Sign Language Translation (SLT) is a challenging task due to its cross-domain
nature, involving the translation of visual-gestural language to text. Many
previous methods employ an intermediate representation, i.e., gloss sequences,
to facilitate SLT, thus transforming it into a two-stage task of sign language
recognition (SLR) followed by sign language translation (SLT). However, the
scarcity of gloss-annotated sign language data, combined with the information
bottleneck in the mid-level gloss representation, has hindered the further
development of the SLT task. To address this challenge, we propose a novel
Gloss-Free SLT based on Visual-Language Pretraining (GFSLT-VLP), which improves
SLT by inheriting language-oriented prior knowledge from pre-trained models,
without any gloss annotation assistance. Our approach involves two stages: (i)

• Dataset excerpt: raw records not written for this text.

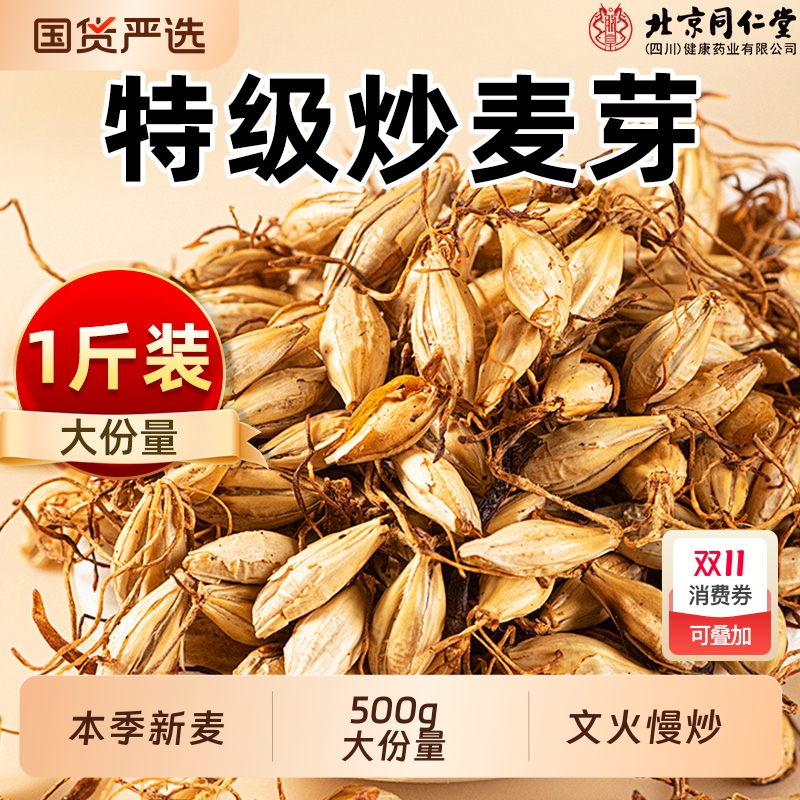 北京同仁堂炒麦芽中草药材大麦回奶茶茯苓炒麦芽熟麦芽官方旗舰店
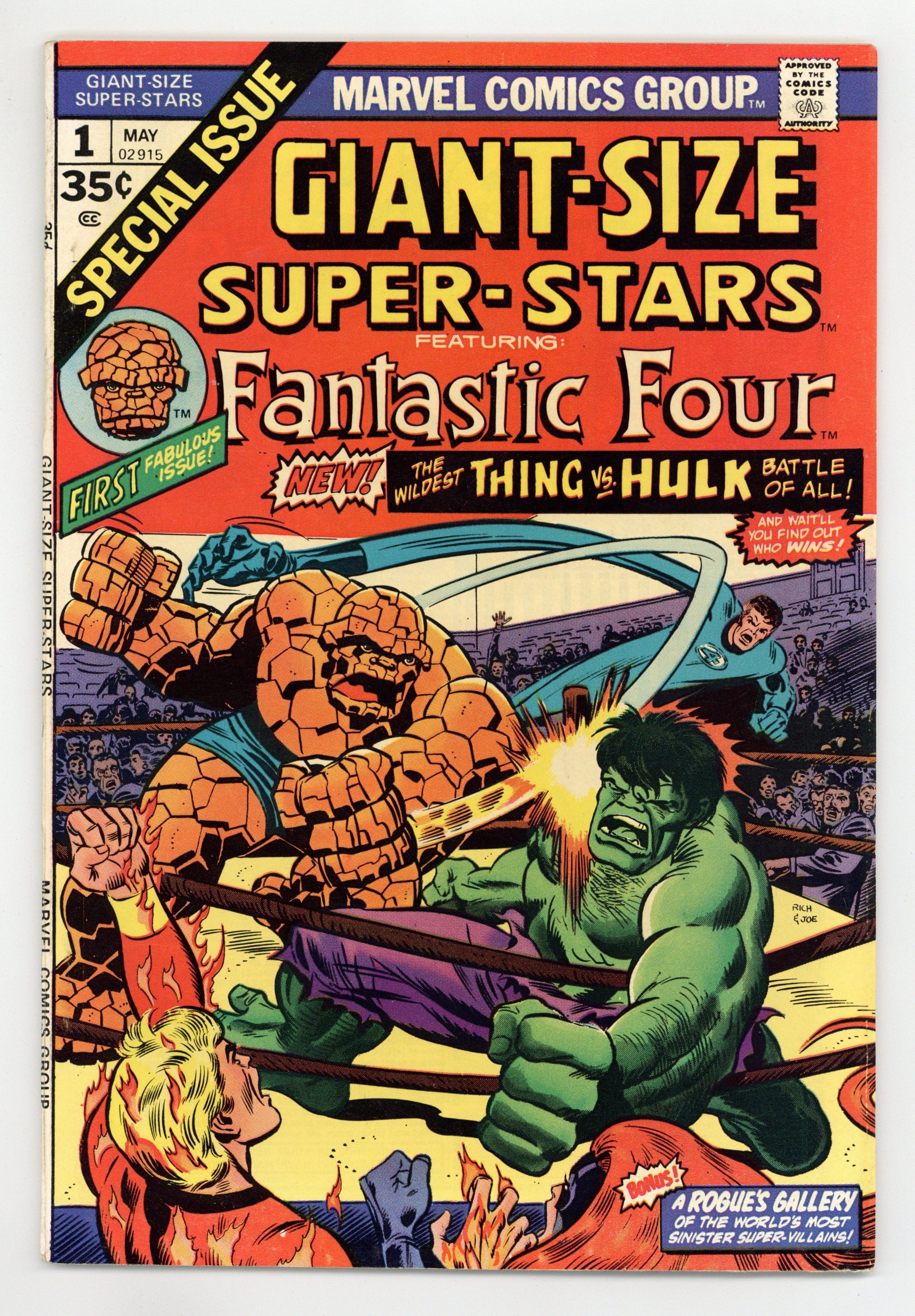48-page giant. "The Mind of the Monster!" Guest-starring the Fantastic Four, the Hulk, and Thundra. Story by Gerry Conway. Art by Rick Buckler and Joe Sinnott. Bruce Banner visits the Baxter Building and devises a plan to turn the Thing back in Ben Grimm and also rid himself of the Hulk forever. But something goes wrong...and a brand new Hulk vs. Thing battle erupts! Fantastic Four members: Mr. Fantastic, Human Torch, Medusa, and the Thing. This issue includes a 4-page write-up from Roy Thomas describing the format and next story planned for the Giant-Size series. This issue also contains a 7-page rogues' gallery of famous FF foes. (Note: The title of the series changes to Giant-Size Fantastic Four for the next issue.) Cover price $0.35.
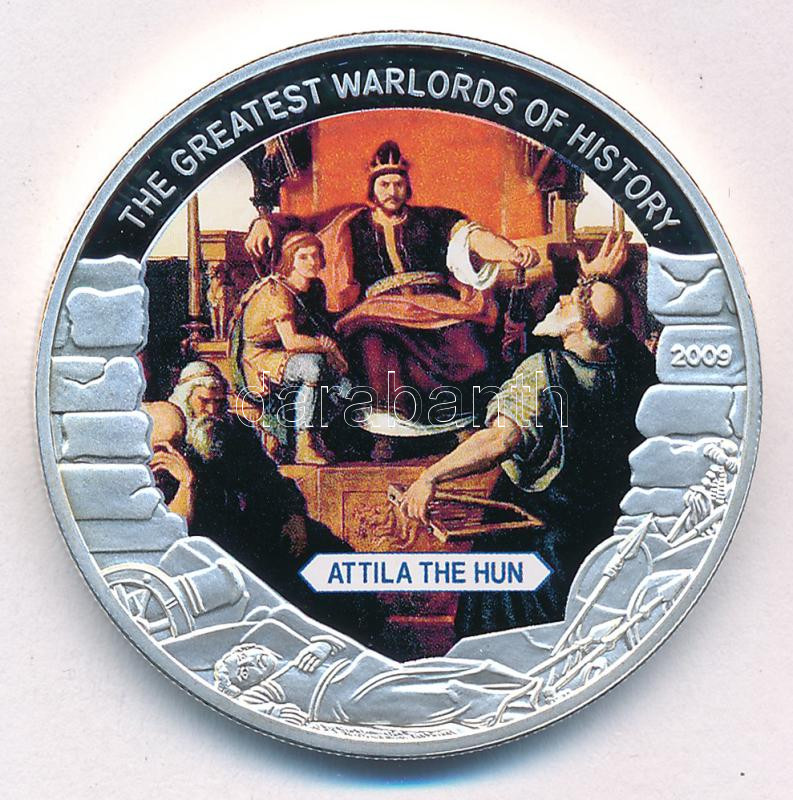 Liberia 2009. 5 Dollars Cu "The Greatest Warlords of History - Attila the Hun" with multicolor picture, in capsule C:PP

integrating Contrastive Language-Image Pre-training (CLIP) with masked
self-supervised learning to create pre-tasks that bridge the semantic gap
between visual and textual representations and restore masked sentences, and
(ii) constructing an end-to-end architecture with an encoder-decoder-like
structure that inherits the parameters of the pre-trained Visual Encoder and
Text Decoder from the first stage. The seamless combination of these novel
designs forms a robust sign language representation and significantly improves
gloss-free sign language translation. In particular, we have achieved
unprecedented improvements in terms of BLEU-4 score on the PHOENIX14T dataset
(>+5) and the CSL-Daily dataset (>+3) compared to state-of-the-art gloss-free
SLT methods. Furthermore, our approach also achieves competitive results on the
PHOENIX14T dataset when compared with most of the gloss-based methods. Our code
is available at this https URL

基于视觉 - 语言预训练的无手语互译（GFSLT-VLP）方法通过结合对比式语言 - 图像预训练（CLIP）和掩码自监督学习，构建了一个端到端的模型，实现了在 PHOENIX14T 数据集上的 BLEU-4 分数大幅提升（> +5），取得了与最先进的无手语互译方法相当的竞争性结果。